More hard data on the impact of free/pirated downloads on book-sales

Brian F. O'Leary has posted slides updating his quantitative research on the effect of "piracy" and/or free giveaways on book-sales, done independently using data from O'Reilly and Random House (the largest tech publisher and general publisher in the world, respectively). The new slides, from the recent Book Expo America, expand the work with a larger data-set, and confirm the earlier findings that free downloads are broadly correlated with higher overall sales (though correlation is not causality!).
With a larger data set, we tried plotting the average paid sales of pirated and un-pirated content using a common starting point (that is, we plotted sales data week-by-week after publication). The results of the week-by-week and four-week rolling averages are shown on slides 28 and 29 of the BEA presentation. Both pirated and un-pirated titles showed similar growth in sales in the first few weeks after a title is published, followed by a decline after peak. Average sales for unpirated content start higher and peak later, although this may reflect the specific nature of titles in a small sample.

The primary difference between sales of pirated and unpirated content appeared in weeks 19 through 25, when sales for pirated content peaked a second time at a level higher than that seen in the first, sell-in period. This second peak followed the time (19 weeks) at which the average pirated O'Reilly front-list title was first seeded on a P2P site.

We stress that this is correlation, not causality, but the difference in the sales profile is notable and persists even when using rolling averages.

The impact of piracy

Impact of Piracy and Free on Book Sales (BEA 2009, Powerpoint) 2.0 MB


  1. Hot dog. I hope they repeat this on a larger sample. Correlation doesn’t imply causation but if every example correlates it certainly supports the idea of causation, and paves the way for further studies which do show causation.

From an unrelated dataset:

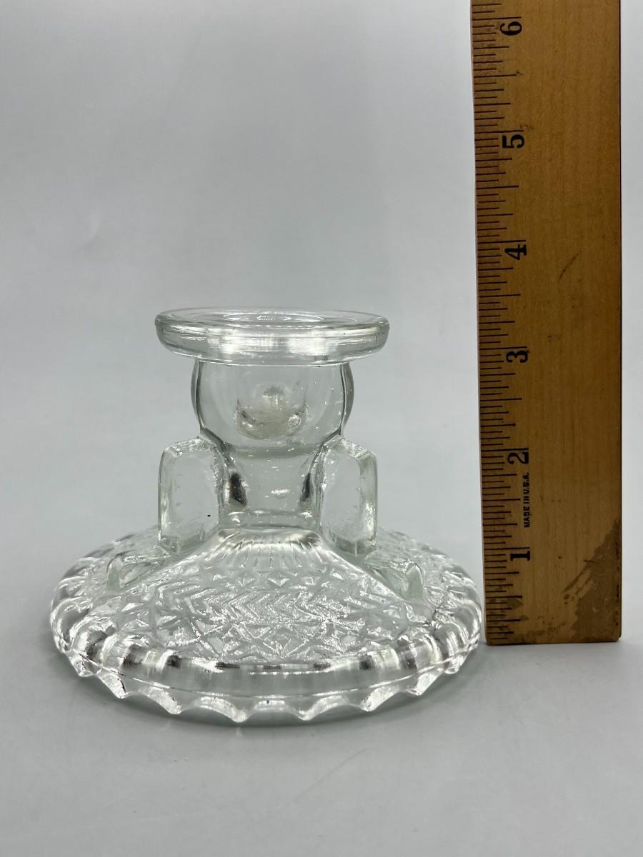 There is no damage to the candlestick holder and is in good useable or displayable condition. Check pictures for more details and for sizing.
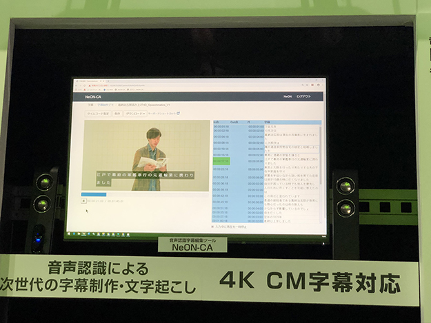 クラウド音声認識サービスを使い、字幕制作および文字起こし作業を支援するサービス「NeON-CA(NeONクラウド・アシスト)」を実演で紹介。映像ファイルの音声を、GoogleやSpeechmatics、Microsoft Azureといった音声認識サービスを使って音声認識し、朋栄IBEが開発した地上デジタル・アナログ用字幕放送画面制作システムNeONをベースに字幕ページと文字起こし情報を自動生成する。

  2. As with Microsoft software, for example, it’s in their best interest to allow a percentage of pirated copies of software to be used because it ups the number of people who are familiar with their software. And since everybody knows how to use Windows, businesses have it in their best interest to use Windows.

    The same is true with books: if the number of people recommending a book goes up, the number of people reading the book on their friends advice goes up. As long as only a percentage are pirating, you still have an overall increase in readership.

    This same principle applies to video games, movies, anime, tv shows, music, etc.

    This even applies to fashion. One of the reasons LV and Chanel are such fashion powerhouses is because it’s so easy to find fakes. So their popularity goes up, which means a larger percentage of people are willing to buy the real thing.

  3. everyone that tries to track lost sales for pirated things, books, movies, music always overlook one huge glaring error in their research. They’re not lost sales, chances are strong that the people downloading the books or movies would have never purchased what they’re pirating.

    What they should do instead is consider all the lost sales due to high prices, how many more people would be willing to buy a book that costs 2 dollars to print, if it was priced at 4 dollars out of the gate instead of 25 or 35.

  4. We will continue to monitor the data on an ongoing basis to establish a more complete profile. A download of the full research paper, which is published as a Rough Cut that includes access to any future updates, is now available for purchase ($99).

    Err.. $99? Anyone have a pirated version?

  5. Maybe people who are wont to giving their books away for free just make more appealing content. ;)

  6. As much as I like to find compelling statistics to illustrate that information wants to be free, these slides don’t cut it. Yes, they show the spikes after pirated copies are seeded, but looking past that initial spike, sales drop and continue to drop WAY below the average non-pirated work (slide 28) over the long term.

  7. Slide 28 is pretty damning. It seems the take away is if you want to sell your book for longer than a year and a half you should do everything in your power to stop pirated copies. That uptick after the first seed is pretty interesting, though. Maybe what we need to figure out is does that little boost compensate for the early death of the title as backlist. Since a publisher’s backlist (books older than a year) usually accounts for half of a traditional publisher’s revenue, I suspect it won’t. That may not be true for O’Reilly though as technological advances make many of their books irrelevant much more quickly than, say a cookbook, or a monograph on art history.

  8. I used to buy a lot of books. First new… paper backs only , then used. Now I cant afford to buy any books. No Money lost here. This artical is a bit slanted in as much as it does little or nothing to bring the state of the economy into it.

  9. In regards to slide 28- according to the study, they’ve only been monitoring titles since fall 2008. Slide 27 actually notes a disclaimer stating “the average time on sale for pirated content in this sample is shorter (35 weeks) than that for the un-pirated content (47 weeks). Comparisons at the end of the on-sale period are not reliable.”

    Sounds to me like the graph should have stopped at 35 weeks when they no longer had accurate data, and it wouldn’t have led to confusion.

Comments are closed.